By the time I arrived at the FCC early in the morning last week, Net Neutrality activists had already begun occupying the vacant lot next the agency for their demonstrations.
There was a party-like atmosphere, with a three-piece New Orleans jazz band rocking the crowd as the demonstrators gathered to protest the FCC's elimination of President Obama's Net Neutrality rule, expected later in the morning.
Fun and games, or so it would seem. Underpinning that, however, was a seething rage for the man who would soon put an end to their pet policy.
As with the change of any administration, President Trump's arrival meant new leadership at the top of the FCC. Not only would the agency move to a Republican, 3-2 majority, Trump picked Ajit Pai – an outspoken critic of Net Neutrality – to lead the Commission.
The professional activists, policymakers and pro-Net Neutrality media saw the writing on the wall and seized on Pai as a villain whom they could bash in the hopes of derailing (or, at least, fundraise off of) his anti-Net Neutrality agenda. Since Pai took the reins back in January of 2017, this motley crew has been helter-skelter to make Pai's tenure as rocky and as difficult as possible.
That work turned decidedly ugly by the spring of 2017 and has continued ever since, making lasting bi-partisan resolution on Internet policy all but impossible to achieve in the current environment.
In May, as Pai introduced the agency's Restoring Internet Freedom (RIF) rule making to repeal Net Neutrality, HBO's John Oliver broadcast another one of his infamous (I paraphrase) “don't let corporate America kill Net Neutrality” show pieces, bringing a flood of comments into the FCC, and helping crash (perhaps intentionally) the agency's website. Many of these comments were vicious, racists rants and death threats on Chairman Pai himself.

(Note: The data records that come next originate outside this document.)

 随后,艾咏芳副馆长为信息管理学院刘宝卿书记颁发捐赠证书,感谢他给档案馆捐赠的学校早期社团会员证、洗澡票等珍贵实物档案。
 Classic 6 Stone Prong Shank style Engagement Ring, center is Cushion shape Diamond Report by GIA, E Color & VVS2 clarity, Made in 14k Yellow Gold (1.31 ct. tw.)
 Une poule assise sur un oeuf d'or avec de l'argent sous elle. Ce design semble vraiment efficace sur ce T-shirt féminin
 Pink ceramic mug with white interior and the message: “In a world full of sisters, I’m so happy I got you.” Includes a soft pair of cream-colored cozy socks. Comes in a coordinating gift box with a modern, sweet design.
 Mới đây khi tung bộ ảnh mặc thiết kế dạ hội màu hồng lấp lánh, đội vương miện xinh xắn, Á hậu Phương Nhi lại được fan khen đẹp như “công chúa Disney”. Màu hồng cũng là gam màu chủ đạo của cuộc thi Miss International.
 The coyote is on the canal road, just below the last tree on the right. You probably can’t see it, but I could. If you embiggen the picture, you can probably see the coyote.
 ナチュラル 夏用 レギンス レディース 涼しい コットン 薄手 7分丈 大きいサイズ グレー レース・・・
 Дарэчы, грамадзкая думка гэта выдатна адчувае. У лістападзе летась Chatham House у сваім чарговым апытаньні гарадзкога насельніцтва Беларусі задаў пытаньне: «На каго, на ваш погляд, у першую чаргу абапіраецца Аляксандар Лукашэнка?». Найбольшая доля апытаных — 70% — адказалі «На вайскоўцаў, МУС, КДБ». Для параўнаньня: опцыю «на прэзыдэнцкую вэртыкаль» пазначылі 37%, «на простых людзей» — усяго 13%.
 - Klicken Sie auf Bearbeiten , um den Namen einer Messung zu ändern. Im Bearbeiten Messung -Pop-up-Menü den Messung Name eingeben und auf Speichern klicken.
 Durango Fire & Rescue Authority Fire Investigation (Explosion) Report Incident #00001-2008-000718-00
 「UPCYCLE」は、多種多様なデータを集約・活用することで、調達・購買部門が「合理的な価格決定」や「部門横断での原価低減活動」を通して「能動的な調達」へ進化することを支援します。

Later in the month on Mother's Day, front-group Popular Resistance and its activists camped out in front of the Chairman's house to protest the FCC's pending RIF rule making. Activists would repeat the stalking tactic in late November, carrying posters calling out the chairman's children by name and proclaiming, among other things, "They will come to know the truth. Dad murdered democracy in cold blood."
The threats and its dangerous climate led to the beefing up of Chairman Pai's security detail, protecting him wherever he goes, including his home. This is highly unusual, especially considering that the FCC deals with communications policy, not war...
...which brings me back to the FCC meeting last week.
Though the demonstrations were peaceful and, at times, playful, Department of Homeland Security and D.C. Police presence was unprecedented. There were over a dozen security vehicles surrounding the agency, as well as bomb-sniffing dogs inspecting cars as they entered into the agency's parking facilities. It looked like the security team was prepared for battle, or something close.
Turns out they were there for good reason. Just before the Commission's vote to repeal Net Neutrality, a bomb threat had been called into the agency, abruptly stopping the proceeding. The commissioners were quickly escorted out a back door, and the hearing room was emptied for ten minutes so bomb-sniffing dogs could check for explosive devices.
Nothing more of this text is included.